— TO DO —
Only one stretch of the material below is wanted: everything from the line containing "alto, colori accessibili" down to the line containing "1-5《漢語字形表》233頁", both ends included. Repeat it exactly and skip the pictures.

— ENTRIES SHOWN —

- - - -

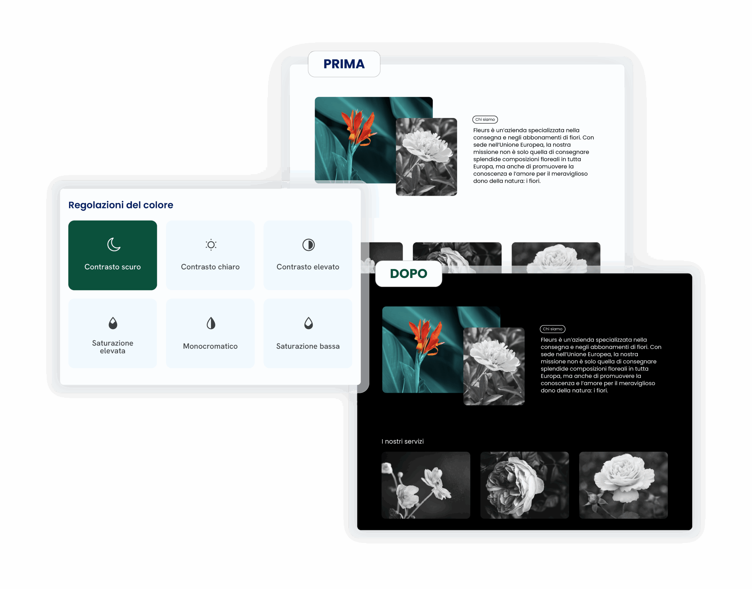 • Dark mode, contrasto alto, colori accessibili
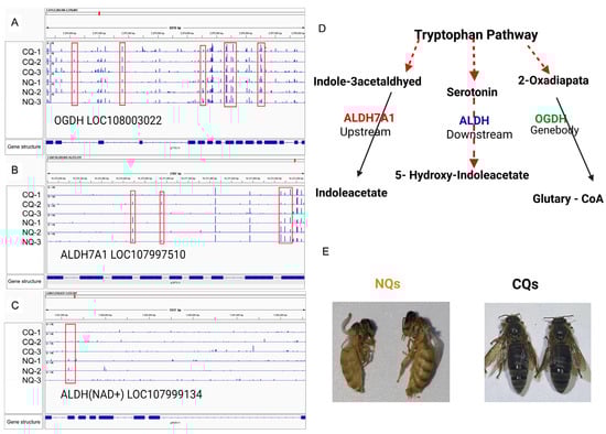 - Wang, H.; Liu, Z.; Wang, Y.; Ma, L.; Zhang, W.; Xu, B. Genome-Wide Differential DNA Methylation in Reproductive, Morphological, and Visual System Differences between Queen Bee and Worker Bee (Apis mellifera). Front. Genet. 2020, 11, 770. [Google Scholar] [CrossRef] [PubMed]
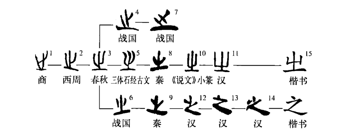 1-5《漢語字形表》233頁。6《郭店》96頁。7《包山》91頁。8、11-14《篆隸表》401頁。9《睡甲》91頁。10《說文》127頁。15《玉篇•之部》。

- - - -

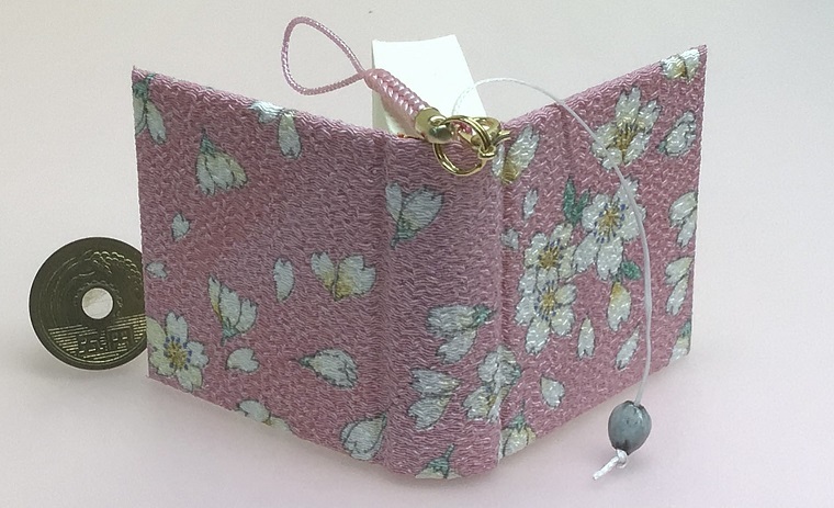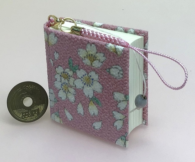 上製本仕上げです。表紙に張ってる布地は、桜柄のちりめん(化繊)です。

- - - -

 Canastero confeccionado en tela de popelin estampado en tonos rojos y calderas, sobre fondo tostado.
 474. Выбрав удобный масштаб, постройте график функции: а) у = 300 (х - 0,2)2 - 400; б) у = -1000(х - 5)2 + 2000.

- - - -

— SOLUTION BELOW —
 • Dark mode, contrasto alto, colori accessibili
 - Wang, H.; Liu, Z.; Wang, Y.; Ma, L.; Zhang, W.; Xu, B. Genome-Wide Differential DNA Methylation in Reproductive, Morphological, and Visual System Differences between Queen Bee and Worker Bee (Apis mellifera). Front. Genet. 2020, 11, 770. [Google Scholar] [CrossRef] [PubMed]
 1-5《漢語字形表》233頁。6《郭店》96頁。7《包山》91頁。8、11-14《篆隸表》401頁。9《睡甲》91頁。10《說文》127頁。15《玉篇•之部》。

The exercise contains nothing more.